One of those prices was for cash, and one of those prices was for credit.

This is a fantastic experience, which is crowded out by the seeming innocuousness of the observation. In the age of credit and computerized transactions, the good, old fashioned ledger book and under the table trade is winning out.

And why shouldn’t it? Cash transactions are excellent, in their ability to afford the cashier certain “leeway” in interpreting just how, when, and under what conditions said transaction took place.

Did that gasoline get sold when the price was $3.99 a gallon, or $3.88? If both prices were witnessed between refilling of the tanks, who’s to say? Plus, those convenience fees that are allocated to the extenders of the credit, those nickels and dimes, are wiped out, buffering the salespersons bottom line.

I want everyone to recognize how important this is. The single greatest outcome from digitalized transactions was the transparency of auditing. With all cash transactions, auditing begins to become, not opaque, but certainly more translucent.

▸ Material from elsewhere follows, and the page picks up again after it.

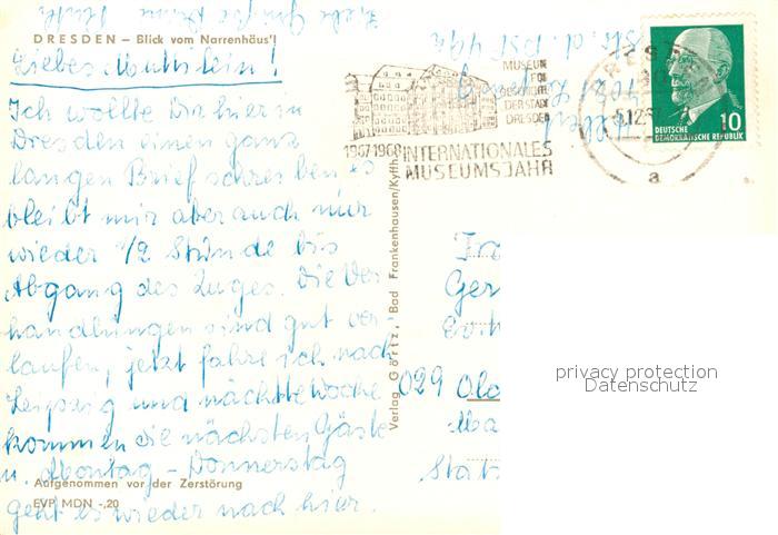 73032692 alte Postkarte DRESDEN Elbe Panorama Blick vom Narrenhaeusl postalisch gelaufen Erhaltung siehe scans [KathaD81] KatCode: 11110014262000
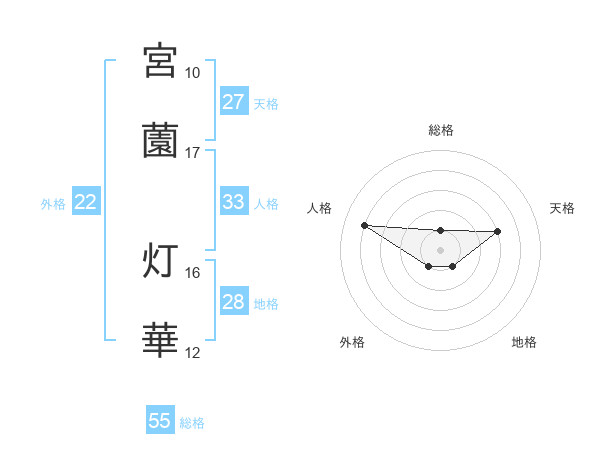 宮薗 灯華さんの総格は55画の1点!

It’s no wonder that the FBI put out a warning not long ago on the “terrorist nature” of all cash spending. Cash transactions will hit local, state, and federal budgets, while taking huge sums of money into black markets and out of the controlled circulation of bank transactions and financial circles. It undermines economic policy from the Federal Reserve. It strengthens the dollar, while causing the potential to impair debtors and their delicately balanced loan maturities.

In that sense, all cash transactions are a key sign of economic degradation, like carrion birds marking a carcass.

It will be interesting to see whether this phenomenon continues for long, or if at some point incentives or underhanded government strong arming attempts to force these transactions back into electronic form.